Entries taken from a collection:
○ ○ ○

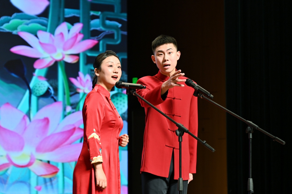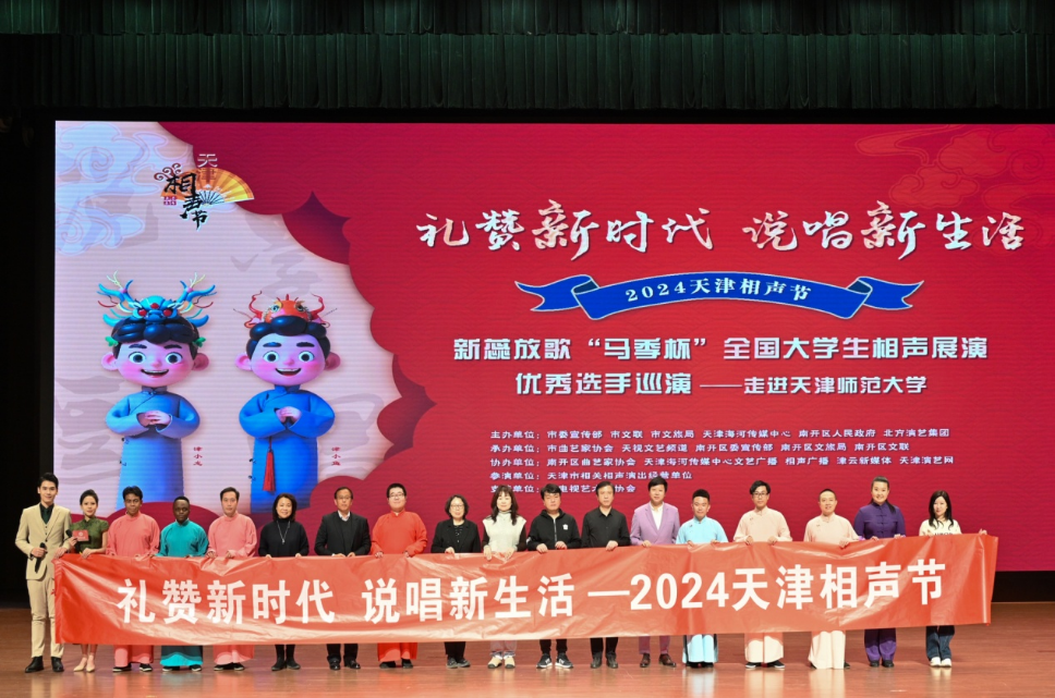 本站訊(通訊員 吳珊)為深入學習宣傳貫徹黨的二十大精神,緊緊圍繞習近平總書記“四個善作善成”重要指示要求,努力打造津派文化品牌,全面貫徹落實市委、市政府“十項行動”總體規劃,推進我市文化繁榮發展,促進津派相聲藝術發展創新,推出更多相聲優秀作品和表演人才。12月11日晚,“2024天津相聲節”天津師范大學專場——新蕊放歌“馬季杯”全國大學生相聲展演優秀選手巡演在天津師范大學國際學術交流中心隆重舉行。天津師范大學黨委統戰部部長張向東、財務處處長張吉麗、天津市曲藝家協會副主席,秘書長李沖、天津市曲藝家協會副主席,天津廣播電視臺《魚龍百戲》制片人,總導演宋東、天津師范大學音樂與影視學院黨委書記滕杰、院長楊愛君蒞臨現場。天開西青園企業代表、精武鎮部分干部群眾、天津師范大學師生共700余人進行觀看,場面宏大,反響熱烈。
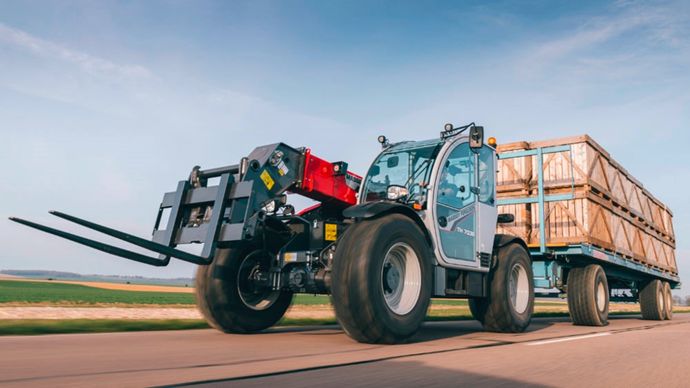 Les télescopiques équipés bénéficient de deux plages de vitesse : « lièvre » (0 à 40 km/h) pour la conduite sur route et « tortue » (0 à 20 km/h) pour le travail en mode chargeur. Le passage de l’une à l’autre peut se faire en marche, via un bouton sur le joystick.
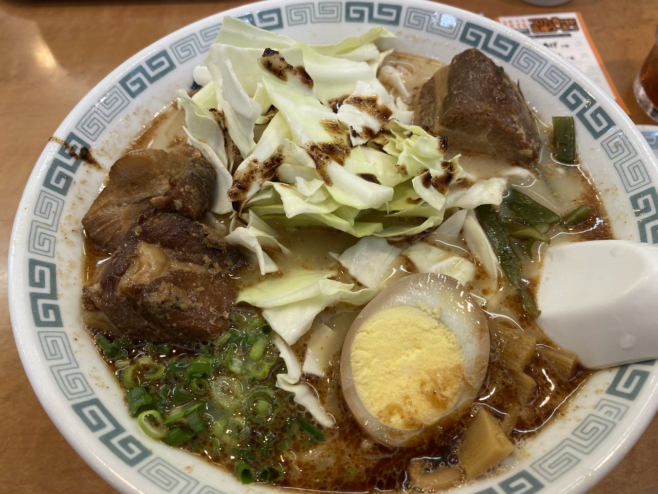 東京に行くとよく歌舞伎町に食べに行ってました。ここの角煮(太肉)がトロトロで絶品です。特に脂身の美味しさたるや。。。。キャベツとラーメン合います。麺も細麺でなくガッツリおいしいです。ようやく本店見参で満足です。
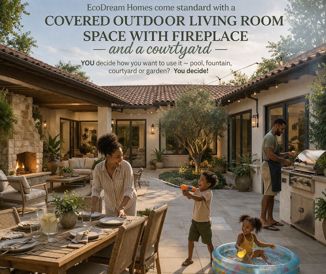 EcoDream Homes come standard with a covered outdoor living room space with fireplace and a courtyard YOU decide how you want to use it ~ pool, fountain, courtyard or garden? You decide!
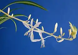 - Niepokaźne, białe na końcach łodygi. Mają 6 wąskich, białych płatków, 6 pręcików i 1 górny słupek z długą szyjką.
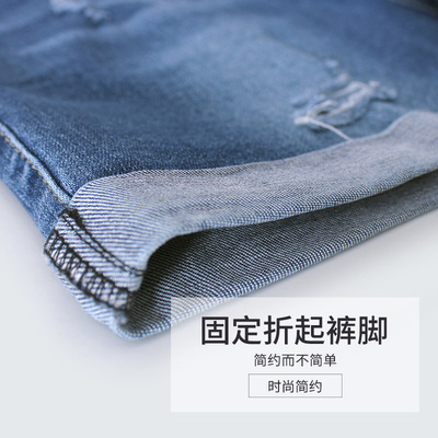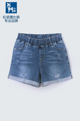 Màu nâu vàng chính hãng đàn hồi eo quần short denim nữ 18 mùa hè bông đàn hồi lỗ giản dị mỏng Hàn Quốc phiên bản của kích thước lớn chất béo mm quần short bò

○ ○ ○

Prompt
Retype the lines exactly as they appear, beginning with the line that contains "EcoDream Homes come" and ending with the final line of the entries, and omit the pictures.

Your solution
 EcoDream Homes come standard with a covered outdoor living room space with fireplace and a courtyard YOU decide how you want to use it ~ pool, fountain, courtyard or garden? You decide!
 - Niepokaźne, białe na końcach łodygi. Mają 6 wąskich, białych płatków, 6 pręcików i 1 górny słupek z długą szyjką.
 Màu nâu vàng chính hãng đàn hồi eo quần short denim nữ 18 mùa hè bông đàn hồi lỗ giản dị mỏng Hàn Quốc phiên bản của kích thước lớn chất béo mm quần short bò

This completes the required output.